Introduction to Pprof
Introduction to the
Pprof is the official performance tuning analysis tool provided by Golang. It can analyze the performance of the program and visualize the data, which looks quite intuitive. Use this tool to debug and optimize your GO application when it encounters performance bottlenecks.
This article will apply the following two performance monitoring packages pprof in Golang:
-
Runtime /pprof: Collects program running data for performance analysis. It is generally used for background tool-based applications. These applications end after a period of time.
-
Net/HTTP /pprof: Secondary encapsulation of runtime/pprof, usually for service applications. Web Server, for example, runs all the time. This package collects and analyzes the data provided for the HTTP service.
When pprof is enabled, it collects the stack information of the current program at regular intervals to obtain the CPU, memory, and other usage of the function.
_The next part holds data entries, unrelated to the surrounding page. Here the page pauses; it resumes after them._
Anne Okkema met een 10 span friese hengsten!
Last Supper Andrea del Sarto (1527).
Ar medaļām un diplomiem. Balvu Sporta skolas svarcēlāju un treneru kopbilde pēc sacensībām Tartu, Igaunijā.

Through the analysis of the sampled data, a data analysis report is formed.
Pprof stores data in profile.proto format and can then generate a visual analysis report from this data, supporting both text and graphical reports. The specific data format in profile.proto is protocol buffers.
What methods are used to analyze the data to produce text or graphical reports?
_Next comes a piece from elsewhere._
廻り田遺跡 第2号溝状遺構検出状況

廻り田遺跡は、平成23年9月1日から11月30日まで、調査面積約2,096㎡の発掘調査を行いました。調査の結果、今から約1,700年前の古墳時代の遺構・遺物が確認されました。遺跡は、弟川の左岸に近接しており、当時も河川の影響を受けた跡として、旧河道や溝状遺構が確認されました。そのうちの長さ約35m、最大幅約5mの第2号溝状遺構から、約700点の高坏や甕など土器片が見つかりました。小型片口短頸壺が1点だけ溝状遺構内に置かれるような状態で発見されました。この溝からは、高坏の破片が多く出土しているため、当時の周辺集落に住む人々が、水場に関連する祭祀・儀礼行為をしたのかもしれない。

Use a command-line tool, go Tool pprof.
Pprof uses patterns
-
Report Generation: Report generation
-
Interactive terminal use: indicates the Interactive terminal
-
Web Interface: indicates the Web interface
Third, the runtime/pprof
The premise condition
To debug and analyze golang, start profile and start sampling data. Then install: go get github.com/google/pprof, which will be used in the later analysis.
Sampling data:
- First, add the following code to the GO program:
StartCPUProfile enables CPU profiling for the current process. StopCPUProfile Stops the current CPU profile. It returns when all profiles have been written.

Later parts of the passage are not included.